For the word "Darstellung", state the number of lines in the data that contain it, and nothing else.
# # # #
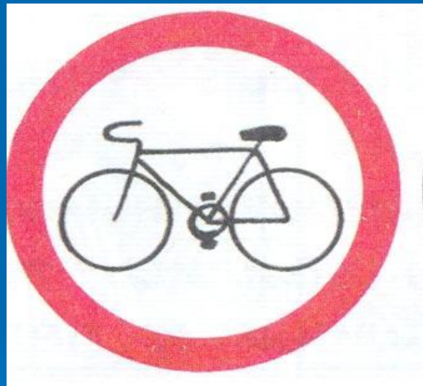
«Движение на велосипедах запрещено»
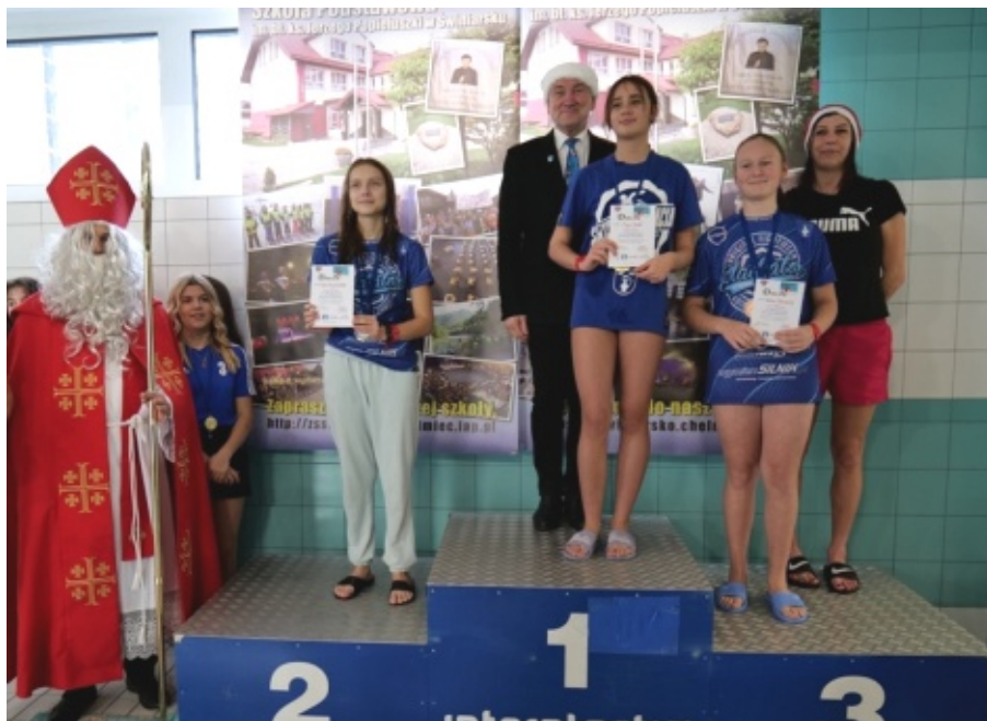
Mikołajkowe zawody pływackie
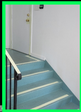
Beschichten - Night Star
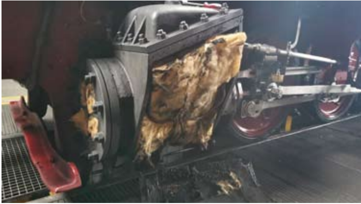
Im Zuge der Kesselprüfung an Dampflok HOYA wurden auch andere Bauteile geprüft und bearbeitet, wie hier die freigelegte Zylinderisolierung. Februar 2021, Bruchhausen-Vilsen.
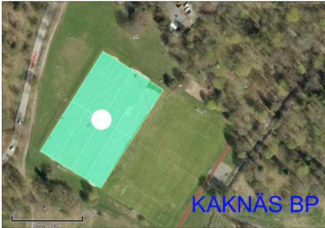
Bilden visar Kaknäs BP med konstgräs fotbollsplan.
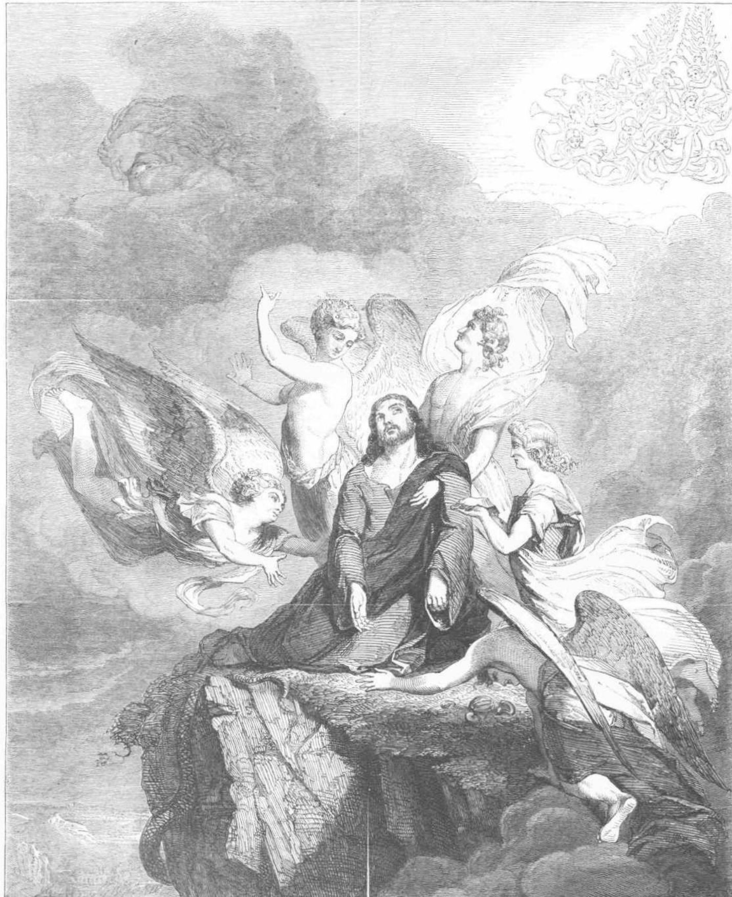
ΗΡ. ΤΙΝ.—Ο ΘΕΙΟΣ ΧΡΙΣΤΟΣ ΜΑΚΟΝΟΜΕΝΟΣ ΥΨ' ΑΓΓΕΛΩΝ ΜΕΤΑ ΤΗΝ ΦΥΤΗΝ ΤΟΥ ΗΙΕΡΑΣΜΟΥ.
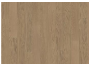
Butterscotch 1S Wide
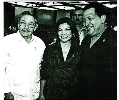
Nach der Begrüßung ließen sich Raúl und Chávez mit der vor kurzem gewählten Präsidentin von Costa Rica, Laura Chinchilla, fotografieren

Ein anderer, der sich von den Staatshäusern verabschiedete, war der ausscheidende costaricanische Regierungschef, Oscar Arias. Aus seiner Rede ließ sich ein gewisser Pessimismus hinsichtlich des neuen lateinamerikanischen und karibischen Bündnisses entnehmen. Außerdem gab es widersprüchlich Ausdrücke, da er unter einem gewissen Sofismus in Verteidigung der Demokratie Kriterien aufwarf, die Teilung säen und Konflikte augenscheinlich in Ländern fokussieren, die den größten ideologischen und politischen Widerstand gegen sein Handeln in diesen Jahren geleistet haben.
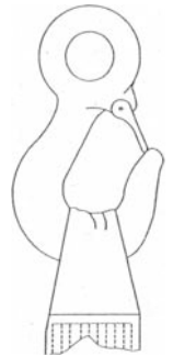
Bild D.1 - Darstellung einer unsachgemäßen Anpassung eines Schlaufengurtbandes an einen Haken mit zu kleinem Radius

ANMERKUNG Zur Vereinfachung der Darstellung ist die Schlaufenverstärkung weggelassen worden.
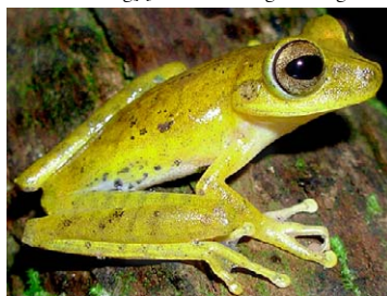
63 Hypsiboas fasciatus HYLIDAE
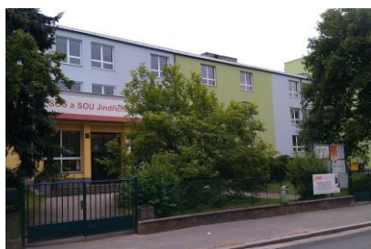
Budova školy Jáchymova 478
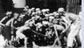
▲当時の写真(上)や父から子への手紙(左)などを収蔵
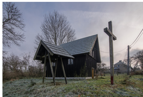
Szesnastowieczny drewniany kościół w Toporzyku, poddany renowacji w 1929 r. i zapewne po II wojnie światowej, kiedy wymieniono dach

Pastor Münchner opisał konstrukcję świątyni w następujący sposób: Odpowiednio do wielkości osady rozmiary Domu Bożego były dość skromne: 5,67 na 8,95 metra. Ale co niezwykle, był to tzw. kościół blokowy skonstruowany z osiemnastocentymetrowych bali położonych jeden na drugim, połączonych, wewnątrz szalowanych, a od zewnątrz ozdobionych nasadzanych na siebie deskami. Budynek bez wieży z prostym drewnianym krzyżem na kalenicy. Kryta trzcina dzwonnica stoi obok. Wyposażenie wewnętrzne było pozbawione ozdób, ołtarz z cegieł bez nastawy, małe okna oszkłone przy użyciu ołowiu. Brak organów 3 .
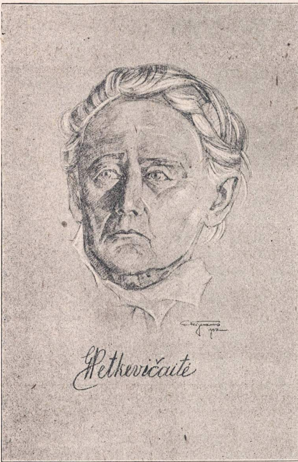
Rašytoja GABRIELĖ PETKEVIČAITĖ-BITE
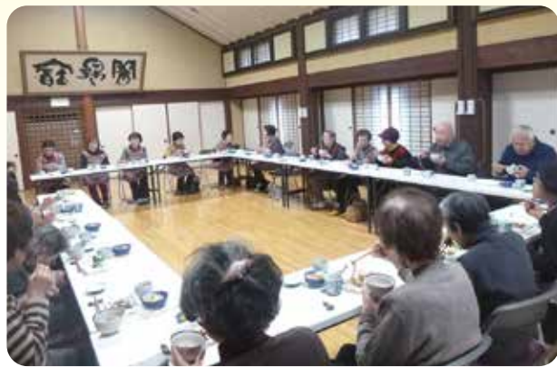
取材させていただいた日の行き先は給食サービス「たんぽぽ」でした。
# # # #
TASK SOLUTION: 2